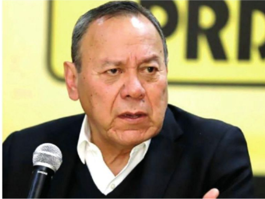
Presidenta capitalina del PRD se lanzó en contra de Zambrano
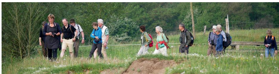
Zwerftocht 12 mei 2018
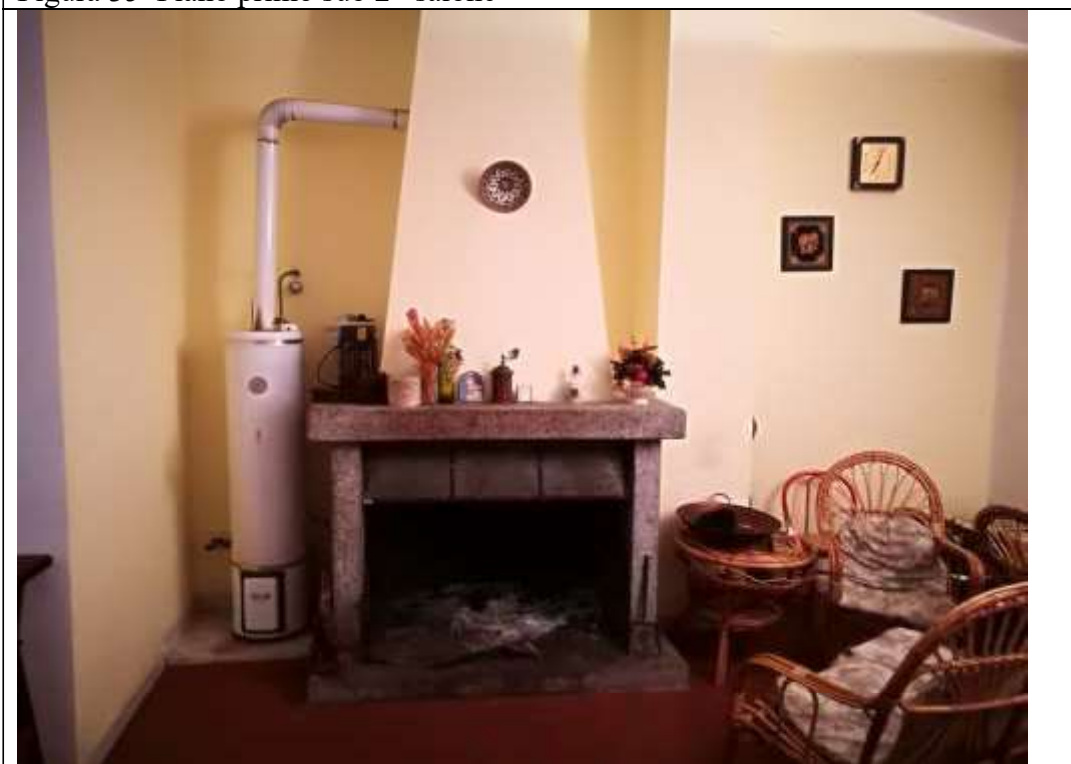
Piano primo sub 2– salone
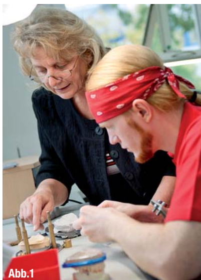
▲ Abb. 1: Junge Kollegen lernen durch den intensiven Austausch mit der Meisterin.

Kurzum, um dem Fachkräftemangel entgegenzuwirken, muss der Wandel der Arbeitsprozesse vom Auftragseingang bis zum Versand vollzogen werden. Das betrifft das ganze Team. An vielen Stellen
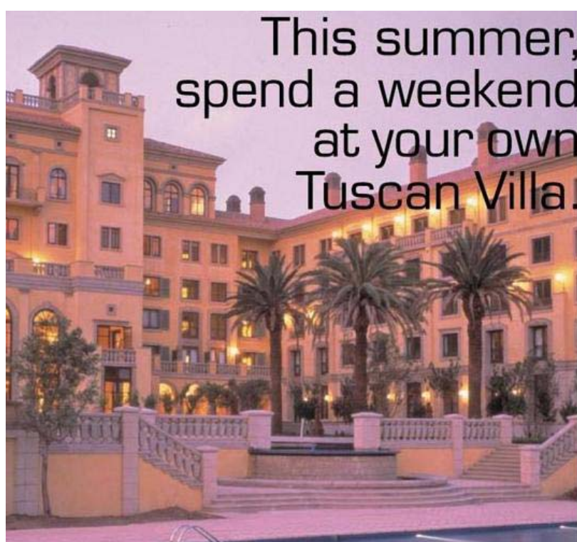
Figure 5 : Montecasino à Johannesburg.

aussi bien à l'échelle nationale qu'à l'étranger. De MonteCasino (Johannesburg) à Century City (Le Cap), de Sandton City (Johannesburg) à Gateway (Durban), de Green Acres (Port-Elizabeth) à Mimosa Mall (Bloemfontein), les toponymes de ces nouveaux espaces dans la ville révèlent que ces morceaux de territoire sont très ancrés dans la mondialisation et demeurent attachés à des référents internationaux. On peut prendre l'exemple de Montecasino (photo 1), à Johannesburg, qui reconstitue une ville médiévale italienne (de style toscan) pour abriter un casino (jeu de mot avec la cité perchée de Campanie) et une zone de restaurants et de loisirs. On utilise l'Italie comme modèle de l'urbanité de simulacre (Guillaume, 2001). Aucun détail n'a été laissé de côté car l'usure des pierres est respectée, le linge pend aux fenêtres et même les vespas sont accrochées aux poteaux. Ce complexe est la preuve que ses concepteurs souhaitent récupérer une histoire exogène (qui leur fait défaut) mais replacée dans une temporalité tout à fait contemporaine et fréquentée par une population racialement mixte.
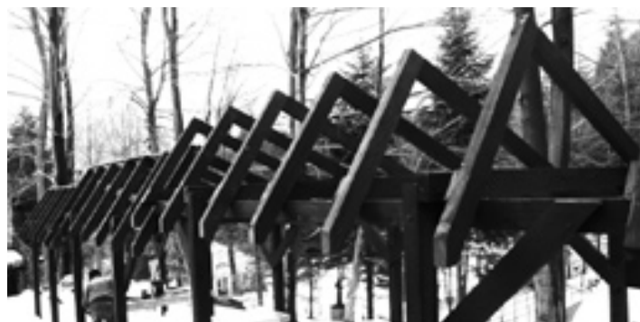
W Heluszu koontynuowana jest praca przy odnowieniu daszków ze stolami przy amfiteatrze i starej scenie.

5. Droga Krzyżowa dla dzieci będzie w czwartek o godz. 17:00, natomiast dla dorosłych w piątki dwukrotnie: o godz. 17.00 w kościele i o godz. 19.00 w terenie. W najbliższy piątek (8 III) Droga Krzyżowa rozpocznie się o godz. 19.00 przed sklepem Korona, którą poprowadzą: Koło Misyjne, Róże, Bractwa. Bardzo zachęcamy do pielęgnowania tej wyjątkowo cennej tradycji udziału w drodze krzyżowej osiedlowej.
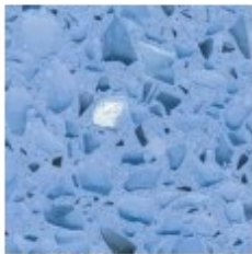
Mondeco Crystal Ice Provence Blue
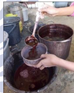
Gambar 2 : ekstrak buah cengkeh
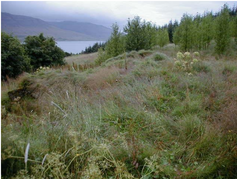
Mynd 4. Rústirnar austanmegin við fjóshlöðuna.

Ofan við þessar rústir er stór slétt flöt þar sem skógræktin er með hugmyndir um einhverjar framkvæmdir. Ofan við þessa flöt er skógarjaðarinn. Rétt innan við hann er mannvirki sem virðist vera túngarður. GPS hnit á honum eru: N 64°31.324 & V 21°26.457.

* * * *

### Work instructions
Copy every record exactly, without the pictures.

### The answer
Presidenta capitalina del PRD se lanzó en contra de Zambrano
Zwerftocht 12 mei 2018
Piano primo sub 2– salone
▲ Abb. 1: Junge Kollegen lernen durch den intensiven Austausch mit der Meisterin.

Kurzum, um dem Fachkräftemangel entgegenzuwirken, muss der Wandel der Arbeitsprozesse vom Auftragseingang bis zum Versand vollzogen werden. Das betrifft das ganze Team. An vielen Stellen
Figure 5 : Montecasino à Johannesburg.

aussi bien à l'échelle nationale qu'à l'étranger. De MonteCasino (Johannesburg) à Century City (Le Cap), de Sandton City (Johannesburg) à Gateway (Durban), de Green Acres (Port-Elizabeth) à Mimosa Mall (Bloemfontein), les toponymes de ces nouveaux espaces dans la ville révèlent que ces morceaux de territoire sont très ancrés dans la mondialisation et demeurent attachés à des référents internationaux. On peut prendre l'exemple de Montecasino (photo 1), à Johannesburg, qui reconstitue une ville médiévale italienne (de style toscan) pour abriter un casino (jeu de mot avec la cité perchée de Campanie) et une zone de restaurants et de loisirs. On utilise l'Italie comme modèle de l'urbanité de simulacre (Guillaume, 2001). Aucun détail n'a été laissé de côté car l'usure des pierres est respectée, le linge pend aux fenêtres et même les vespas sont accrochées aux poteaux. Ce complexe est la preuve que ses concepteurs souhaitent récupérer une histoire exogène (qui leur fait défaut) mais replacée dans une temporalité tout à fait contemporaine et fréquentée par une population racialement mixte.
W Heluszu koontynuowana jest praca przy odnowieniu daszków ze stolami przy amfiteatrze i starej scenie.

5. Droga Krzyżowa dla dzieci będzie w czwartek o godz. 17:00, natomiast dla dorosłych w piątki dwukrotnie: o godz. 17.00 w kościele i o godz. 19.00 w terenie. W najbliższy piątek (8 III) Droga Krzyżowa rozpocznie się o godz. 19.00 przed sklepem Korona, którą poprowadzą: Koło Misyjne, Róże, Bractwa. Bardzo zachęcamy do pielęgnowania tej wyjątkowo cennej tradycji udziału w drodze krzyżowej osiedlowej.
Mondeco Crystal Ice Provence Blue
Gambar 2 : ekstrak buah cengkeh
Mynd 4. Rústirnar austanmegin við fjóshlöðuna.

Ofan við þessar rústir er stór slétt flöt þar sem skógræktin er með hugmyndir um einhverjar framkvæmdir. Ofan við þessa flöt er skógarjaðarinn. Rétt innan við hann er mannvirki sem virðist vera túngarður. GPS hnit á honum eru: N 64°31.324 & V 21°26.457.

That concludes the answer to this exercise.